» **Data extract**
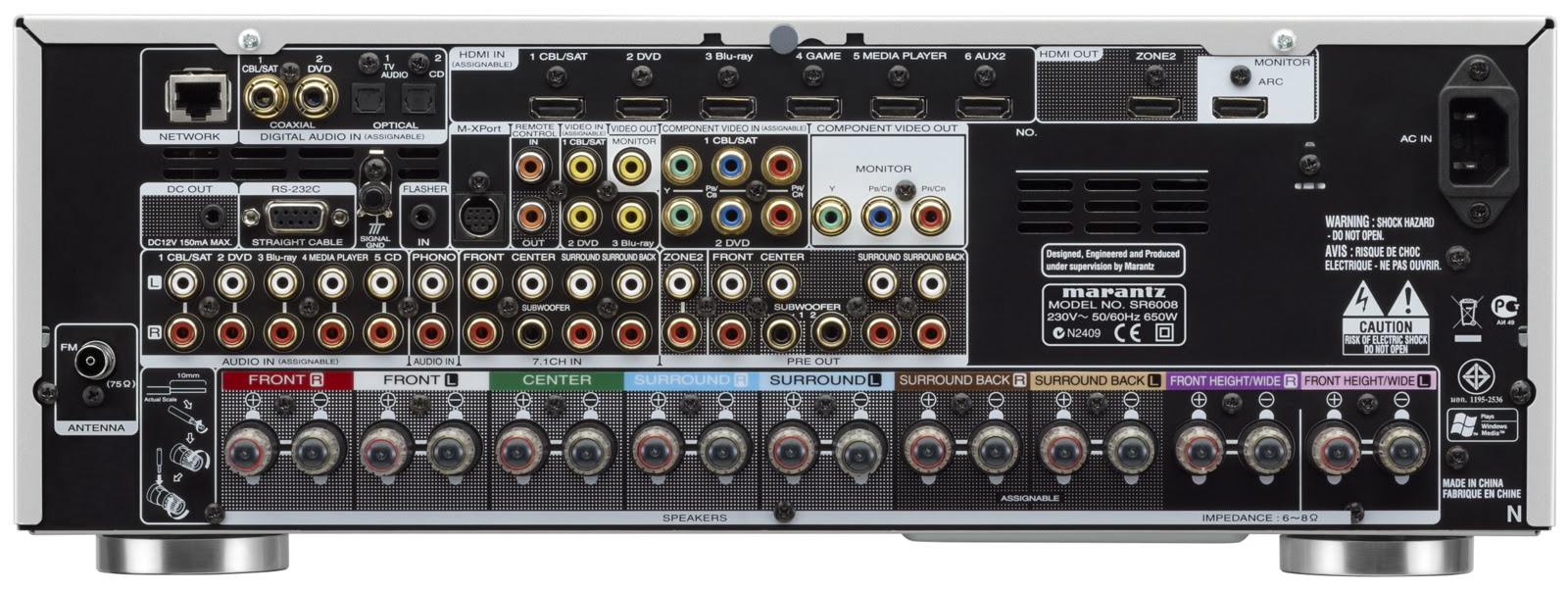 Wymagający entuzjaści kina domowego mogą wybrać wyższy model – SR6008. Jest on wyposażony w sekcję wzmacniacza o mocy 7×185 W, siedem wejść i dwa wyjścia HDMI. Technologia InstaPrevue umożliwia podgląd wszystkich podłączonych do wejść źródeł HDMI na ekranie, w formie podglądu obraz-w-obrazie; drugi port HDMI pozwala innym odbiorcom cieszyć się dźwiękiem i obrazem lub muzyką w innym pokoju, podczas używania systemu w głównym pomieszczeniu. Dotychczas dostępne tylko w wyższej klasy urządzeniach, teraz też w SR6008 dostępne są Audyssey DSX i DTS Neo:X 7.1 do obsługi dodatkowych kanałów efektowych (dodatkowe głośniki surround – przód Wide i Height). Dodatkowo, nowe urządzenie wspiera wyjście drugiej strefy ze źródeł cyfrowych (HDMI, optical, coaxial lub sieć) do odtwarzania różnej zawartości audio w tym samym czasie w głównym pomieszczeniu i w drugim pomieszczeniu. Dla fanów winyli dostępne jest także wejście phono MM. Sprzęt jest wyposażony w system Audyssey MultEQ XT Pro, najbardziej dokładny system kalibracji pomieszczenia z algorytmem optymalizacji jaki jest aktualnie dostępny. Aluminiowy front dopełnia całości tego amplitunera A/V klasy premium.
--
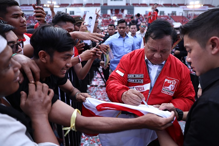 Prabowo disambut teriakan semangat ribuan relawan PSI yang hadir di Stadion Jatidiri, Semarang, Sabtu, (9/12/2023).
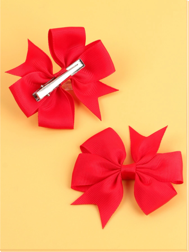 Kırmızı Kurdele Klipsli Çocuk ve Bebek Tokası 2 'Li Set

» **Assignment**
In the entries above, find the line with "Prabowo disambut teriakan" and the line with "Kırmızı Kurdele Klipsli". Write out exactly those two lines and every line between them, pictures excluded.

» **Response to this task**
 Prabowo disambut teriakan semangat ribuan relawan PSI yang hadir di Stadion Jatidiri, Semarang, Sabtu, (9/12/2023).
 Kırmızı Kurdele Klipsli Çocuk ve Bebek Tokası 2 'Li Set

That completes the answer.